There's a clear difference between knowing that you want to change something and having people tell you to change something. The former gets you something that you know you'll want and the latter gets your wallet lighter.

Is the Suntour fork crap? Yes, it absolutely is. Will a beginner rider be held back by it? I personally do not think so. Beginners have so much more to think about than how the rebound circuit is working in their fork; they need to work on changing gears, picking lines, looking ahead on the trail, learning to corner, and making sure their lungs don't jump out of their chests. I can't see how a Suntour fork will be more of a detriment to learning than my learning on a fully rigid bike and I turned out ok. I will always recommend saving up for that next bike; one can never have too many bikes, after all.


----------



## eb1888 (Jan 27, 2012)

Heh guy I apologize for wording that in a way that allowed you to misunderstand my intent.
The "experienced rider" applies to a straight evaluation as an experienced rider of the quality of the Suntour fork when compared to a Reba or Tower or even a RS XC.
Once we tell him what we think of the fork, I'm done. 
Whether a beginner needs a decent fork or should spend more money than he already has and when he should do that is not something I want to tell him. I want to give him a straight evaluation of the fork and let him do what he wants. I'm not withholding my info to influence his choice.


----------



## zebrahum (Jun 29, 2005)

zebrahum said:


> Is the Suntour fork crap? Yes, it absolutely is.





eb1888 said:


> Once we tell him what we think of the fork, I'm done. .


Well I don't think we disagree on the quality of the fork.


----------



## sgt_g (Sep 1, 2012)

ok, so here is a question, I'm a beginner for the most part as i was getting to be a medium grade rider before i stopped riding for a while about 10 years ago. so i will put myself as a beginner. If one is a beginner and is riding a crap fork like a suntour or a jett xc (what i have at the moment) and said rider is working on his skills and building his confidence wouldn't a crap fork hold that back? My thought is if you don't feel confident and comfortable you’re not going to push yourself and to me a better fork is going to aid in that.


----------



## wmac (Sep 29, 2010)

No worries. Attacking credibility without evidence and making assumptive statements has always been a peeve of mine.


----------



## wmac (Sep 29, 2010)

sgt_g said:


> ok, so here is a question, I'm a beginner for the most part as i was getting to be a medium grade rider before i stopped riding for a while about 10 years ago. so i will put myself as a beginner. If one is a beginner and is riding a crap fork like a suntour or a jett xc (what i have at the moment) and said rider is working on his skills and building his confidence wouldn't a crap fork hold that back?

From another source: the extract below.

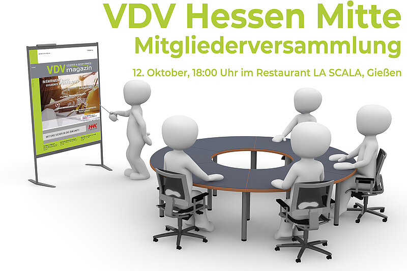 Der VDV-Bezirk Hessen-Mitte lädt hiermit satzungsgemäß seine Mitglieder zur ordentlichen Mitgliederversammlung mit Vorstandswahlen ein.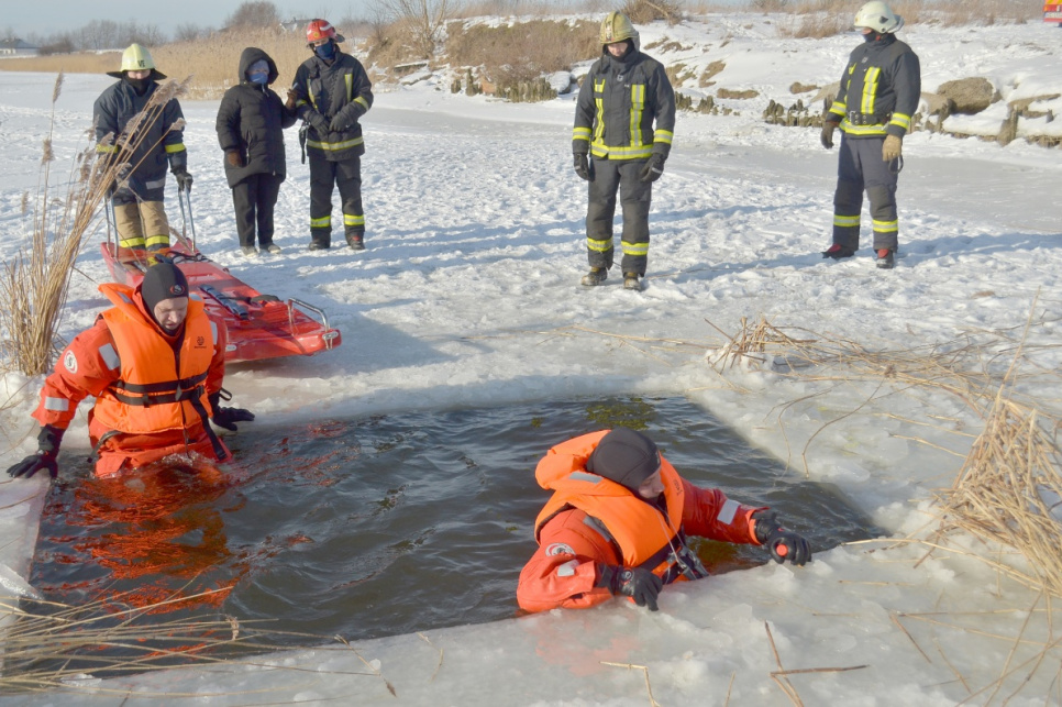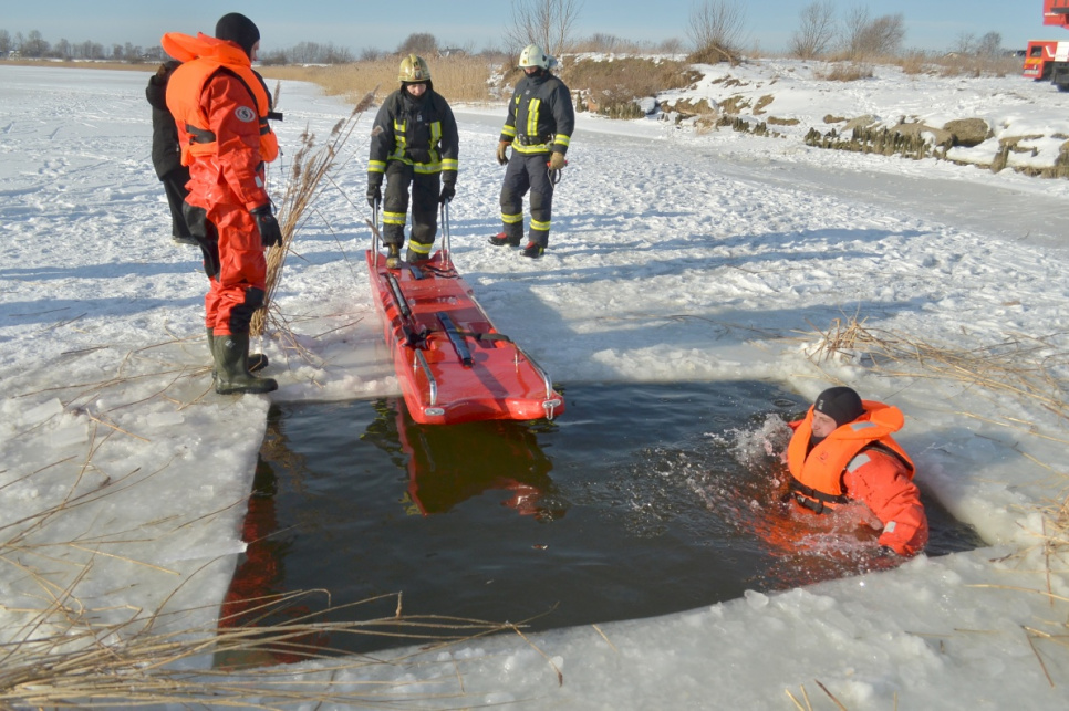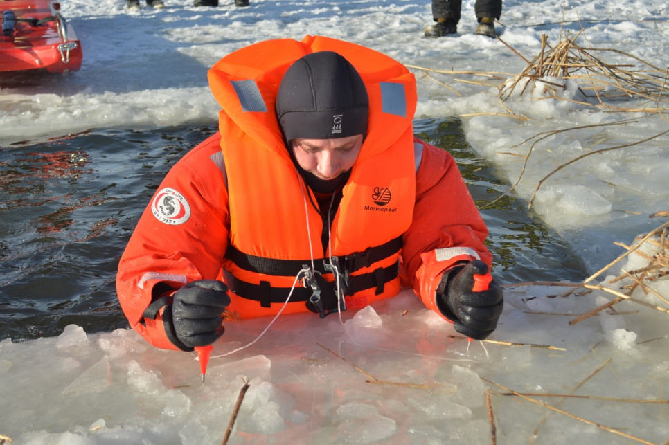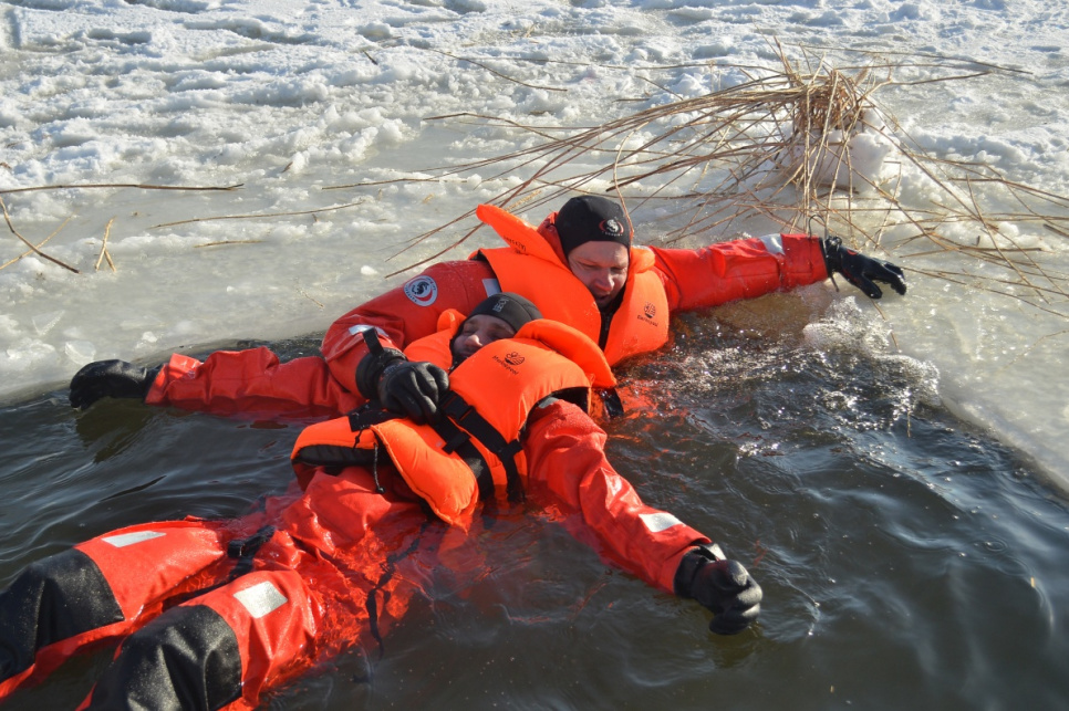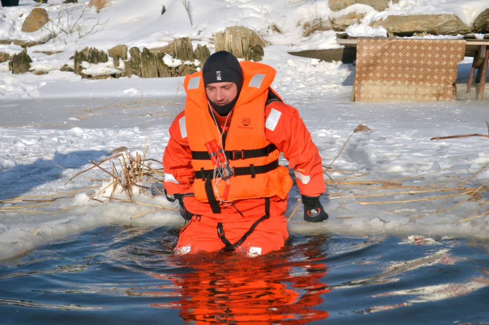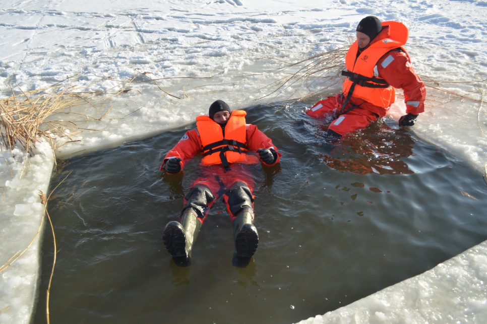Холодный зимний день спасатели использовали, чтобы усовершенствовать свои навыки в спасении провалившегося под лет человека и использовании необходимого инвентаря.

My thought is if you don't feel confident and comfortable you're not going to push yourself and to me a better fork is going to aid in that.

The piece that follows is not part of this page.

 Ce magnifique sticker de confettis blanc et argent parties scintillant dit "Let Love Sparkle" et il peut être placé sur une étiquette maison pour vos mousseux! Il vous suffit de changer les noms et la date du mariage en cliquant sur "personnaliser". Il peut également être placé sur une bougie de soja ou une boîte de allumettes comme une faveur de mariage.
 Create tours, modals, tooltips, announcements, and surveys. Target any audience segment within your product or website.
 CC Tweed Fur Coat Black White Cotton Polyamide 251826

If you have no confidence because you think the fork is going to collapse and you're going to break your teeth on your handlebars, then yes, upgrade your fork. On the other hand, if you have no confidence because other people told you you shouldn't because something else is better, then no, there's no reason to change the fork. How is the fork holding you back - in what way?

Use an extreme example. Imagine you replace your fork with a Fox FIT Terralogic. What and how will your riding experience be different?

What are you trying to accomplish?


----------



## eb1888 (Jan 27, 2012)

.


sgt_g said:


> If one is a beginner and is riding a crap fork like a suntour or a jett xc (what i have at the moment) and said rider is working on his skills and building his confidence wouldn't a crap fork hold that back? My thought is if you don't feel confident and comfortable you're not going to push yourself and to me a better fork is going to aid in that.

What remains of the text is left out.